From the first round of data released by EMMA, big differences have emerged in readership data than those released by Roy Morgan. For example, EMMA data suggests Roy Morgan figures have been seriously under-valuing the readership of most Australian newspapers, with some 1.17 million people reading The Daily Telegraph compared to 759,000 via Roy Morgan.
The flipside of that, of course, is that EMMA is over-valuing compared to Roy Morgan, but it’s impossible to tell which is more accurate. Publishing industry associations have come out in support of EMMA, which is unsurprising given it was an industry-backed endeavour (and is giving higher numbers).

Some more EMMA figures released for newspapers –

  • Sydney Morning Herald: 45% higher than Roy Morgan (814,000 vs. 562,000)
  • The Australian: 47% higher than Roy Morgan (540,000 vs. 367,000)
  • Australian Financial Review: 32% higher than Roy Morgan (312,000 vs. 236,000)


Magazines have also garnered a boost from EMMA, with The Australian Women’s Weekly going from 1.6m to 2.3m.

While these figures reflect fantastically for Print media in Australia, many media companies are still testing the system.

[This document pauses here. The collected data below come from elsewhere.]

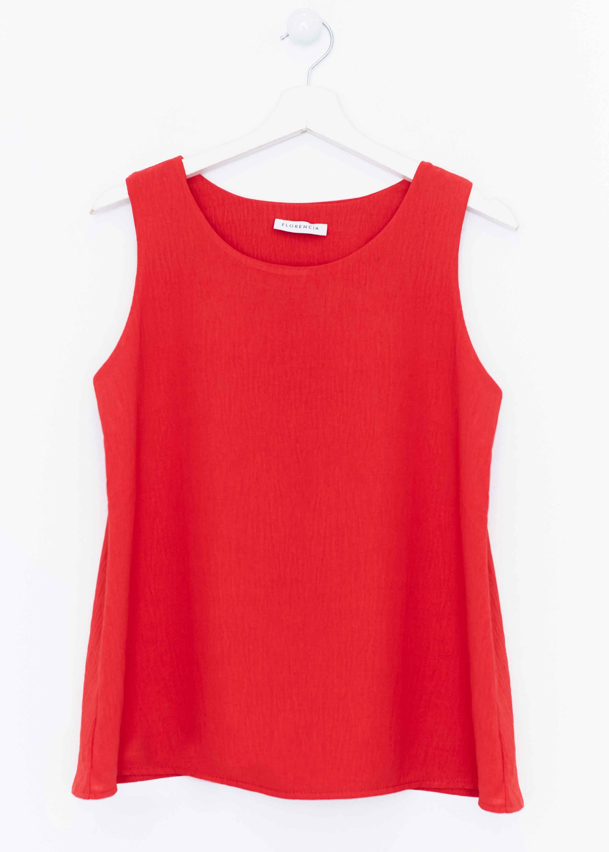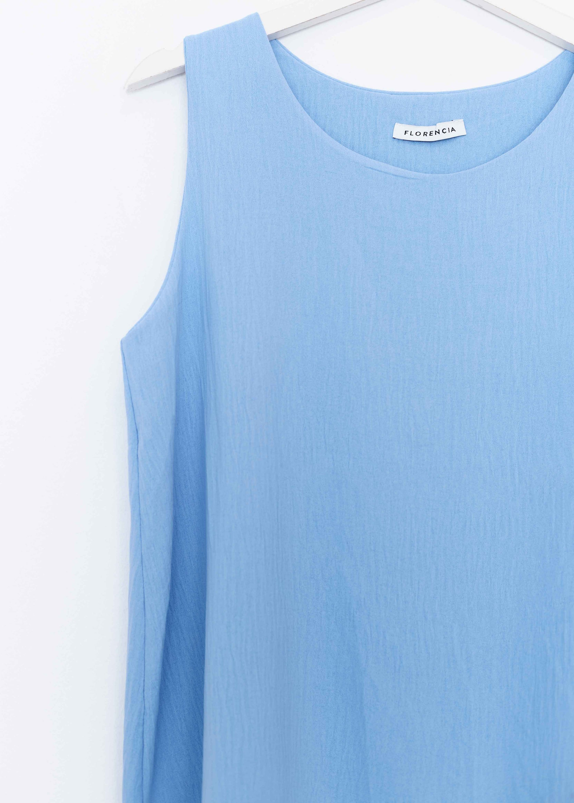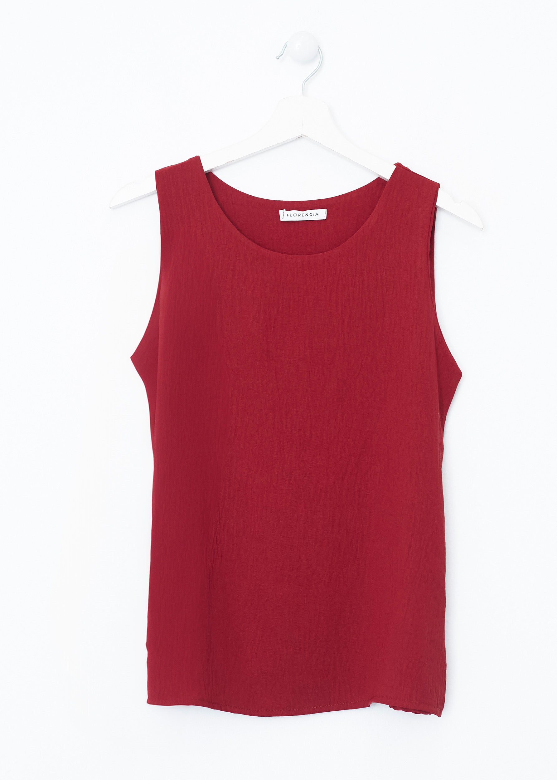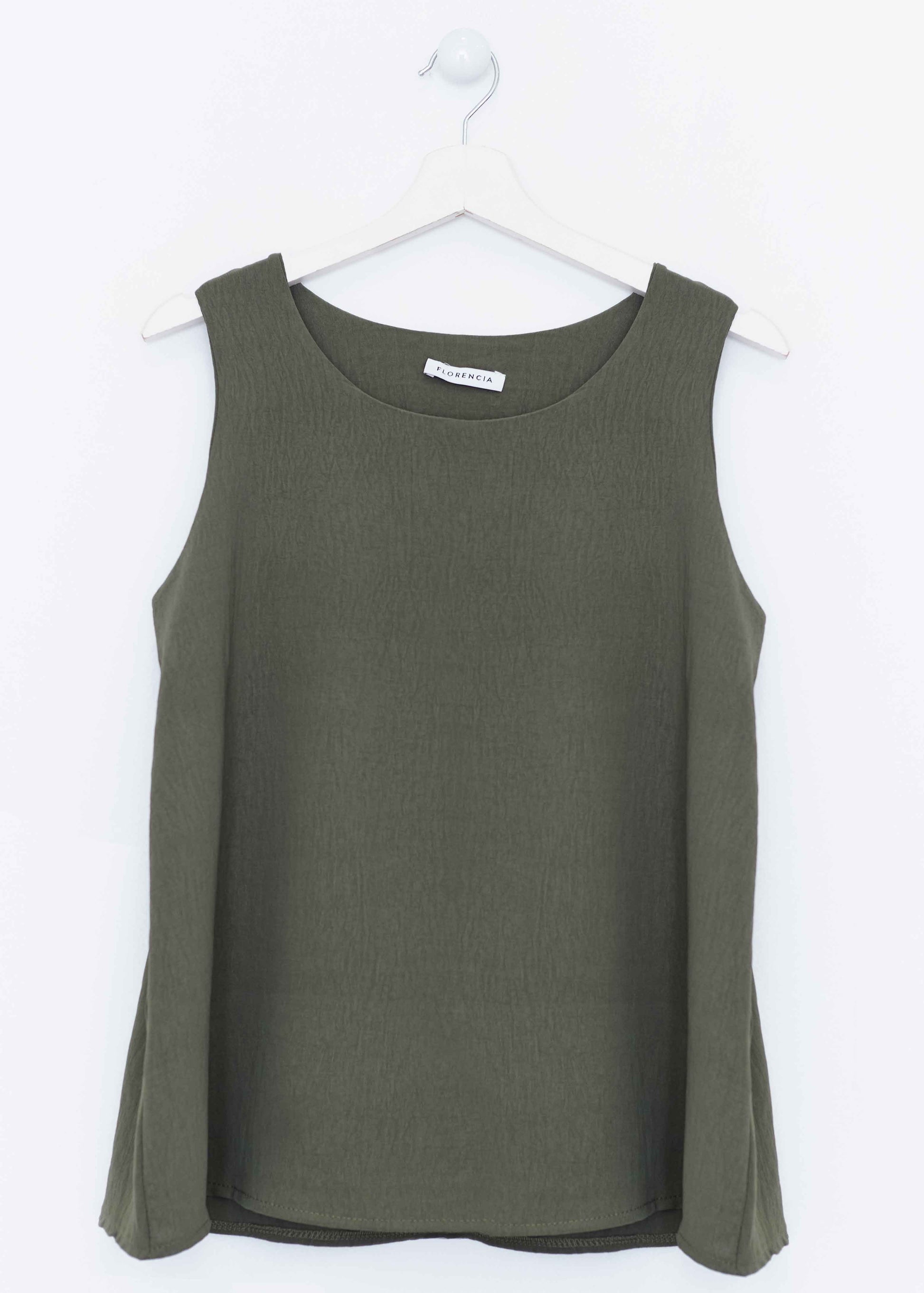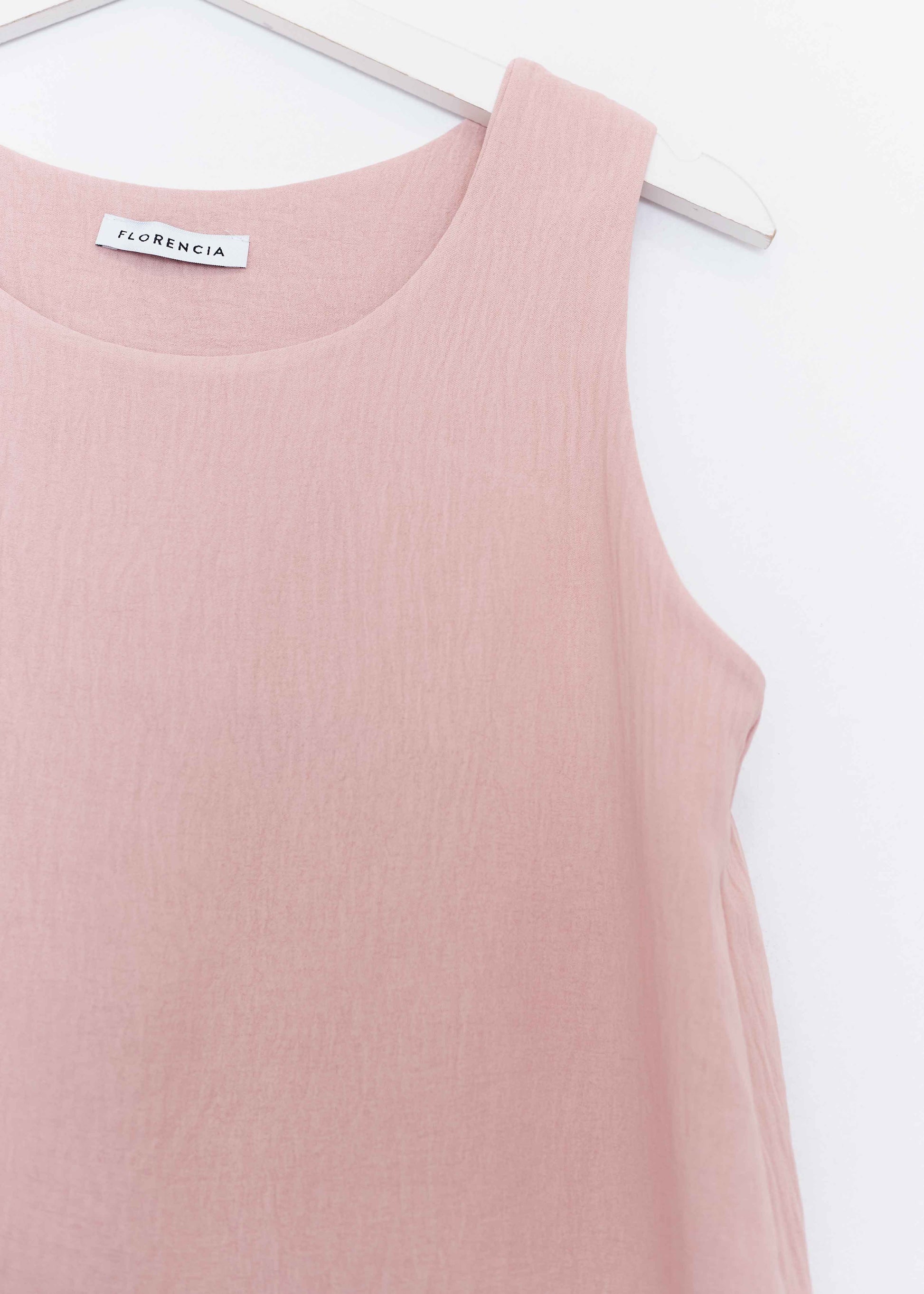 Top con cuello redondo y tirantes anchos. Corte amplio y fluido.
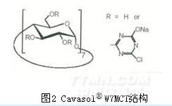 一氯三嗪-β-環糊精(MCT-β-CD)已工業化生產,其商品名為CAVASOL®W7MCT,由Wacker泰龍公司生產,商品對每個葡萄糖的取代度為0.4,可保證在紡織品上有良好固著性能(耐久的錨點)(1),其構造式如圖2所示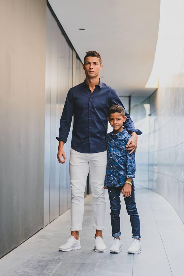والتي أطلق عليها إسم “CR7JUNIOR”، ونشر نفس الموقع صورا لكريستيانو جونيور ووالده وهم يرتديان قمصان وسراويل العلامة المذكورة.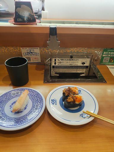 Excellent place for eating something quick and cheap. Well as long as the meal is on the conveyor. Since if you order a specific meal from the touch panel so it can be brought directly to you, it can take up to 10 mins or so, and more if the place is crowded with people wanting to eat dinner. I waited at the end like 15 mins for a Mitarashi Dango, and I wasn't in a hurry, but I felt it to be kind of slow for just a dessert. However, if you are truly a Nigiri fan, maybe you'll get disappointed, cause the meals on the conveyor aren't bad, yet I feel like it lacks a something, as on a expensive place the the freshness, it's sensation on your mouth or the taste you get from the raw fish is deeper. Anyways, if you want to eat something good, then I recommend the meals 200 JPY or above such as Chutoro or Ootoro (Tuna), Unatama(Eel and...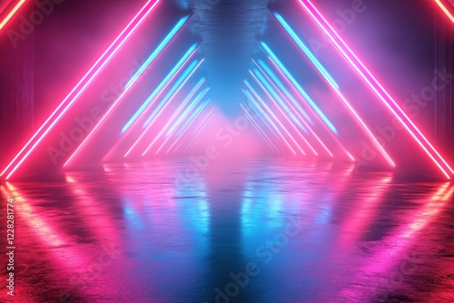 neon, futuristic, tunnel, light, pink, blue, glowing, mist, reflective, wet, floor, aesthetic, symmetric, perspective, atmosphere, vibrant, design, environment, technology, visual, glow, space, energy, colours, brilliance, art, creativity, modern, architecture, digital, illusion, symmetry, depth, night, haze, illumination, ambience, bright, line, urban, earth, unique, aglow, striking, mixed

What it means for us: Aegis Media’s current stance is that Roy Morgan is still the system to be relied upon until the new data has been tried and tested as a more correct reporting matrix. That being said, it will be interesting to watch the quarterly reports (and soon monthly reports) unfold from EMMA, and to chart the differences in audience between publications. It could be in the future we settle on a middle ground between the two measurement systems, as Roy Morgan has just come to market with a new crop of changes to Asteroid, including a greater granularity of data and the ability to create multi-year trends. Keep your eyes open for new information over the next few months.

Top 20 Programmes Trend


Based on Sydney Metro market




*Note - Coles have kept a steady percentage in the Top 20 each week, buying into key programmes week in and week out, while Woolworths has changed their TV strategy to be heavier later in the week, where there are less programmes that appear in the Top 20 (Top 20 Programmes generally air Sunday-Wednesday, with the exception of strip programming). This is slowly starting to change, with the final week showing an uplift from Woolworths.

TV Network Share



Network Share as at 25th of August







From the beginning of 2013 to now, Seven is leading against Total People, while they are on par with Nine as dual leaders for Grocery Buyers w/ Children.